Sunday 18 January 2009

Escape from the Pit


Free again!




The trouble with day jobs is they often get in the way of the important stuff, like writing. On the whole I do tend to get off quite lightly, especially for an accountant, where a lunatic fifteen-hour day work ethic is still quite prevalent. Fortunately it has been a long time since I had to succumb to such nonsense, and for this I am grateful. I commute by public transport, and although this keeps me away from home for eleven or twelve hours each day, I get to spend two to three of them reading or listening to podcasts; never knock public transport, I get through thirty books a year this way.
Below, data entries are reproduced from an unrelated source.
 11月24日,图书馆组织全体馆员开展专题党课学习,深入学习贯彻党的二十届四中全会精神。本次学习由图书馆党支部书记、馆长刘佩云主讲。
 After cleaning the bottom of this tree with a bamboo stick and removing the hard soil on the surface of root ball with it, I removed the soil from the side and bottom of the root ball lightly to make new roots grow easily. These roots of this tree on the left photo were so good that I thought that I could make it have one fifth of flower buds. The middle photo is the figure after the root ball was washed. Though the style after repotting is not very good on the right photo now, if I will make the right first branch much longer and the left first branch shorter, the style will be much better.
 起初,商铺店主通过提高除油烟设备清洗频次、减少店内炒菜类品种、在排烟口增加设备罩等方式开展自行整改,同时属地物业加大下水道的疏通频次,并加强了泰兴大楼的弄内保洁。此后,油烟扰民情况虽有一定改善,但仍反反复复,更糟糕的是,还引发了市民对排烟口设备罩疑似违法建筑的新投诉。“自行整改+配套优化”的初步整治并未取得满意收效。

But the accountancy world likes to drop one little irritant onto the calendar every twelve months: year-end. This is the time when statutory accounts must be prepared. My year-end is 31st December, so at least I get Christmas.
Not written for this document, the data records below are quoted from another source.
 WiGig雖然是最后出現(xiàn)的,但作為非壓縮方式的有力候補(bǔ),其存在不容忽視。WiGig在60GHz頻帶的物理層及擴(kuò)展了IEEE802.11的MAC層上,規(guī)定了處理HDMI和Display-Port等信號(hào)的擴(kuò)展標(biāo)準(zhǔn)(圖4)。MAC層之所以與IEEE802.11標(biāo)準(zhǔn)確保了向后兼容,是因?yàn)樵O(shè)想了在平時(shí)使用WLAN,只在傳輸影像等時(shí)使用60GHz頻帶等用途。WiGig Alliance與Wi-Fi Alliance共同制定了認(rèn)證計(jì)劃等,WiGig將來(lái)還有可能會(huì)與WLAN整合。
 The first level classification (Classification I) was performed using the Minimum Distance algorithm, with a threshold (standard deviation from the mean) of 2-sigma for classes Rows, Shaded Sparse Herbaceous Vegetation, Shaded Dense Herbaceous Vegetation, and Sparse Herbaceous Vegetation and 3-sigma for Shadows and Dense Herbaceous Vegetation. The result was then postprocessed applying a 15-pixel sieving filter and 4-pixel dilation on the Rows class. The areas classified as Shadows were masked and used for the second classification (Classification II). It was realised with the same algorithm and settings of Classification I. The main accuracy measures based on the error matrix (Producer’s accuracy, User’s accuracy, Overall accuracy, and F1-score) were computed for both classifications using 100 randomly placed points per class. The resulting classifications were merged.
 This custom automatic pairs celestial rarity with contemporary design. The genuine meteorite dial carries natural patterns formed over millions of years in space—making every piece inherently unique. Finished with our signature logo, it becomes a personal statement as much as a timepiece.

The photo is of frozen trees in Delemere Forest on
New Year's day, my last day of freedom.

But on 2nd January it’s back to work for a run of two or three seven-day weeks, when daylight and the sight of clouds scudding across the sky becomes but a memory. Each evening I return home in the guise of a zombie, and, although I still manage to write a little, most of it will be edited out of existence during the following weeks of post-accountancy rehab.

But it’s over. I have emerged. My first free weekend. It was wonderful. Sarah and I have done museums, pizzas, gardens... and today we went to Ness, for a lecture about bugs and slugs and their sex lives. (Never let it be said that I don’t know how to give a girl a good time.)
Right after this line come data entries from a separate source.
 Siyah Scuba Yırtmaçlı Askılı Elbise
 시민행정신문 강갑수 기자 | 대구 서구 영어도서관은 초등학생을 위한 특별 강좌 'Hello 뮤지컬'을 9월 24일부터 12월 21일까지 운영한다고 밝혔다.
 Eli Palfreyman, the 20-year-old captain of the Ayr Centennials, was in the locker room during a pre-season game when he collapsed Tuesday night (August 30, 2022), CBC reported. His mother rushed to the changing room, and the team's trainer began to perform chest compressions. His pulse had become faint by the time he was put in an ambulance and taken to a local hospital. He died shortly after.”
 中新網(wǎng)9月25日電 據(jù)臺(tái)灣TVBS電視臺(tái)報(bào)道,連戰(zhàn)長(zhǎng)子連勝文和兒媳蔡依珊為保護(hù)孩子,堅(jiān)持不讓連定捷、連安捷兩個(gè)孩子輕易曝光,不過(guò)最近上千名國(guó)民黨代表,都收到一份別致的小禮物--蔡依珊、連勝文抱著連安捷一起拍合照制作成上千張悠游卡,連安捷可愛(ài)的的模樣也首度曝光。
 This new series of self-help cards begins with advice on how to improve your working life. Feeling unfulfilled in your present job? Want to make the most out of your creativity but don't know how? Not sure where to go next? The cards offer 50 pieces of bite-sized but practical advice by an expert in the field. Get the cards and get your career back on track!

And I’ve worked through a long list of tasks that have been on hold for a while: I’ve booked Wirral Writers a table at next month’s Write Minds event in Ruthin (28th Feb); I’ve booked accommodation for our annual pilgrimage to the Hay Festival in May (accommodation is such a classy word, don’t you think? I'm referring to a 18x6 patch of grass in a field. But it’s a very nice field, and it's one in which we’ve wanted to park our caravan for a number of years.)

This is Hay 2007. I don't have photos of 2008, my camera isn't the underwater type.



And I’ve been booked to play sax/clarinet in two shows in March and April. And I've booked a caravan site for a weekend in London...

Now just look at that, a clear desk.
Sleeves rolled up. Cup of tea. Time to push on with the novel.